→ **SOURCE DATA**:

.....

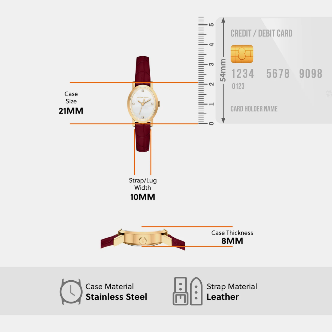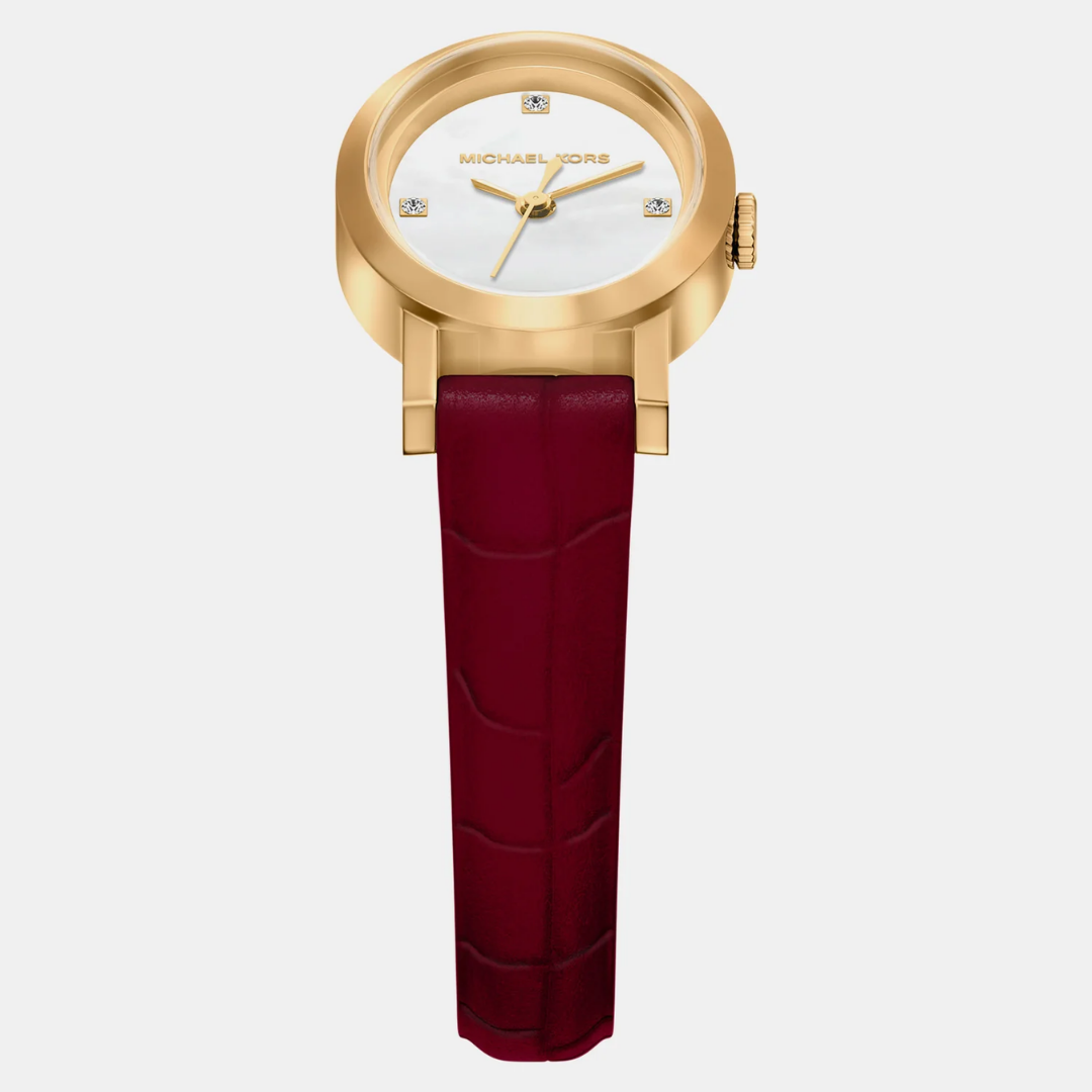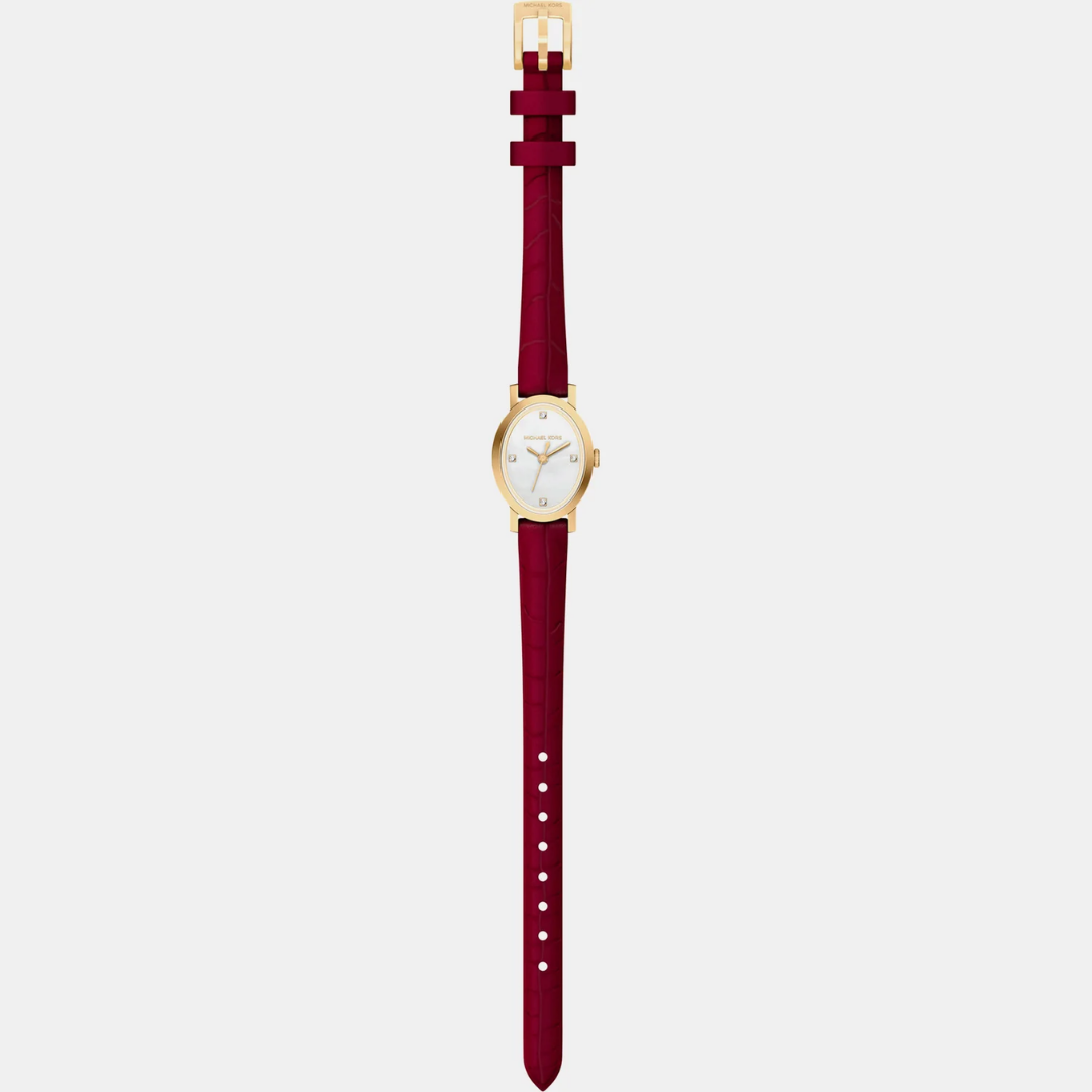 • ดีไซน์: ทรงรี (Oval) สุดคลาสสิก ตัวเรือนสีทองตัดกับสายหนังสีแดงเบอร์กันดี ให้ลุคที่ดูภูมิฐานและทรงพลัง
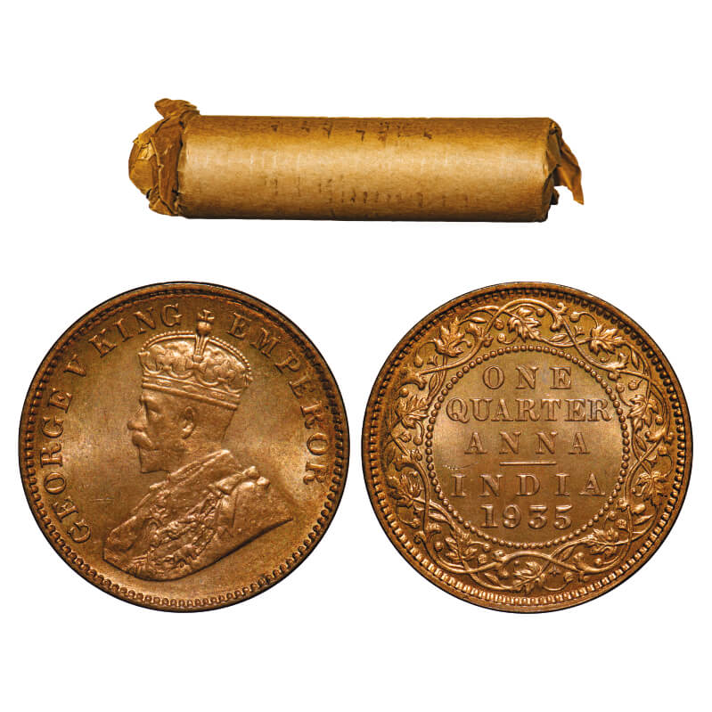 George V, Bronze, Quarter Anna, (Roll of 32 coins), 1935, Calcutta Mint, No dot, 32 coins in immaculate Grades re rolled in a Brown paper roll from old broken paper roll. F. Prid 675. GK 1195. Rare.
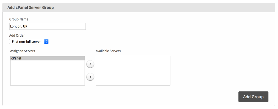 Server groups are useful for categorizing cPanel servers. When creating a Package, a specific server, or a server group may be selected for provisioning. Blesta will automatically select a cPanel server to provision with when a server group is chosen.

.....

→ **EXERCISE DIRECTIONS**: Exactly as given, transcribe every line of the data, but not its images.

→ **RESPONSE TO THE TASK**:
 • ดีไซน์: ทรงรี (Oval) สุดคลาสสิก ตัวเรือนสีทองตัดกับสายหนังสีแดงเบอร์กันดี ให้ลุคที่ดูภูมิฐานและทรงพลัง
 George V, Bronze, Quarter Anna, (Roll of 32 coins), 1935, Calcutta Mint, No dot, 32 coins in immaculate Grades re rolled in a Brown paper roll from old broken paper roll. F. Prid 675. GK 1195. Rare.
 Server groups are useful for categorizing cPanel servers. When creating a Package, a specific server, or a server group may be selected for provisioning. Blesta will automatically select a cPanel server to provision with when a server group is chosen.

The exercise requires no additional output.